Before Eve could work up a scowl, the screen went blank. “Like I sit around and play mahjong all frigging day.”

“What is mahjong, exactly?”

“How the hell do I know? Am I playing it? Screw this.” If nothing else, Mira’s dragon’s attitude annoyed Eve enough to have her slapping on the sirens and going vertical.

Peabody gritted her teeth and gripped the chicken stick as Eve skimmed over the roofs of honking Rapid Cabs and compact commuters, as she veered around the hulk of a maxibus, veered back around the dingy wedge of a delivery van.

“He’s still going to be dead when we get there,” Peabody pointed out in a squeak. Then huffed out a breath of relief when Eve landed the vehicle in a short span of clear road.

“Look at that.” Eve pointed a finger at one of the animated billboards running news headlines.

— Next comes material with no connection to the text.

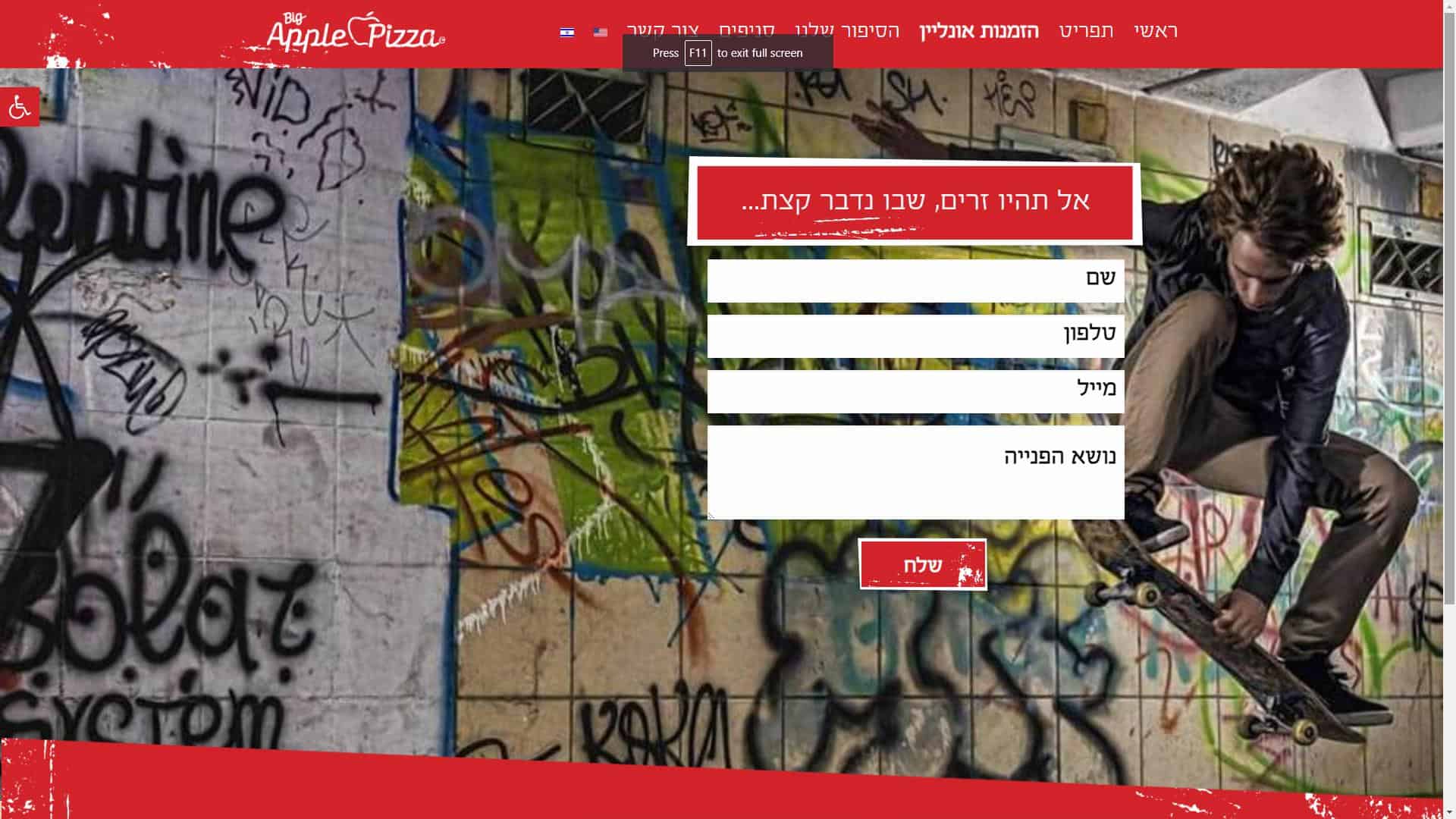 ביג אפל פיצה – Big Apple Pizza – שירות לקוחות באתר האינטרנט

There, looming over the circus of Times Square, was Jimmy Jay Jenkins, choking out his last breaths, falling like a huge white pine under the ax.

“They’ll be running that clip for days,” Peabody predicted. “And any time they do a story on him for the next forever, they’ll run it. Whoever had the rights to that feed is now a really rich bastard.”

“Stupid!” Eve rapped her fist on the wheel, hit vertical again to zip over another, smaller jam. “Moron. Idiot.”

“Who? What?”

“Me. Who owns the fucking feed? Who gets the juice? Find out. Now.”

“Hold on. Hold on.” Concentrating on her PPC, Peabody stopped visualizing her own mangled body trapped in the police issue after a violent midair collision.

“If it’s not the church, I’m even a bigger moron. Why pass that revenue on to someone else? Even if it’s a different arm, it’s going to be the same body. It has to be the same damn body.”

“I get Good Shepherd Productions.”

“That’s a church thing. Good Shepherd. They aren’t talking sheep. Tag Roarke. He can get it faster.” Eve’s eyes stayed hot and hard on the road as she maneuvered. “Tag Roarke, ask if he can find out if Good Shepherd Productions is an arm of the Church of the Eternal Light.”